All Products
Search
Document Center

E-MapReduce:Read data from and write data to MySQL

Last Updated:Sep 19, 2025

Spark natively supports accessing MySQL through a Java Database Connectivity (JDBC) connector. Serverless Spark automatically loads the MySQL JDBC driver (version 8.0.33) at startup. You can use SQL sessions, batch processing tasks, or Notebooks to connect to MySQL to read and write data.

Prerequisites

Important

Ensure that network connectivity is established between Serverless Spark and MySQL. For configuration details, see Establish network connectivity between EMR Serverless Spark and other VPCs.

Note

When you add security group rules, open the required ports. This example requires you to open TCP port 3306.

Procedure

Method 1: Use an SQL session

  1. Create an SQL session. In Session Manager, you can create a session and select a pre-configured Network Connection. For more information, see Create an SQL session.

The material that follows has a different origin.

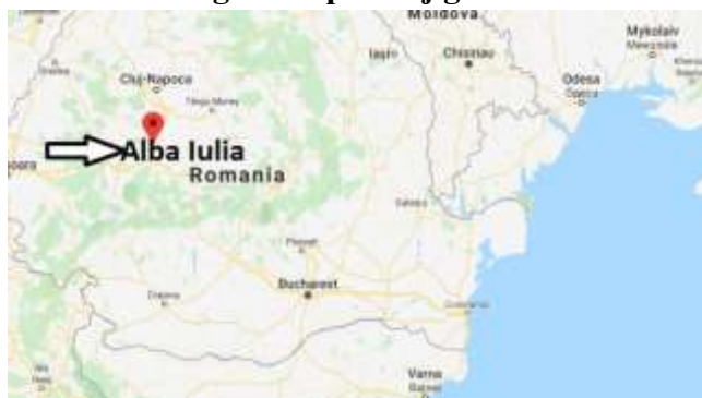
Slika 5: Geografski položaj grada Alba Iulia

  2. In Data Development, you can create a SparkSQL task and use the following SQL statements to test the connection.

    CREATE TEMPORARY VIEW test
    USING org.apache.spark.sql.jdbc
    OPTIONS (
      url 'jdbc:mysql://<jdbc_url>/',
      dbtable '<db>.<table>',
      user '<username>',
      password '<password>'
    );
    
    SELECT * FROM test;

    The following table describes the parameters.

    Parameter

    Description

    url

    The JDBC connection string. The format is jdbc:mysql://<jdbc_url>/. Replace <jdbc_url> with the actual value.

    dbtable

    The name of the database table to read. The format is <db>.<table>. This example uses test_mysql_db.test.

    user

    The username for the MySQL database.

    Note

    The user must have read permissions on the target table.

    password

    The password for the MySQL database.

    If the table content is returned correctly, the connection is successful.

    image

  3. Insert data. Use the following commands to insert data into the MySQL table.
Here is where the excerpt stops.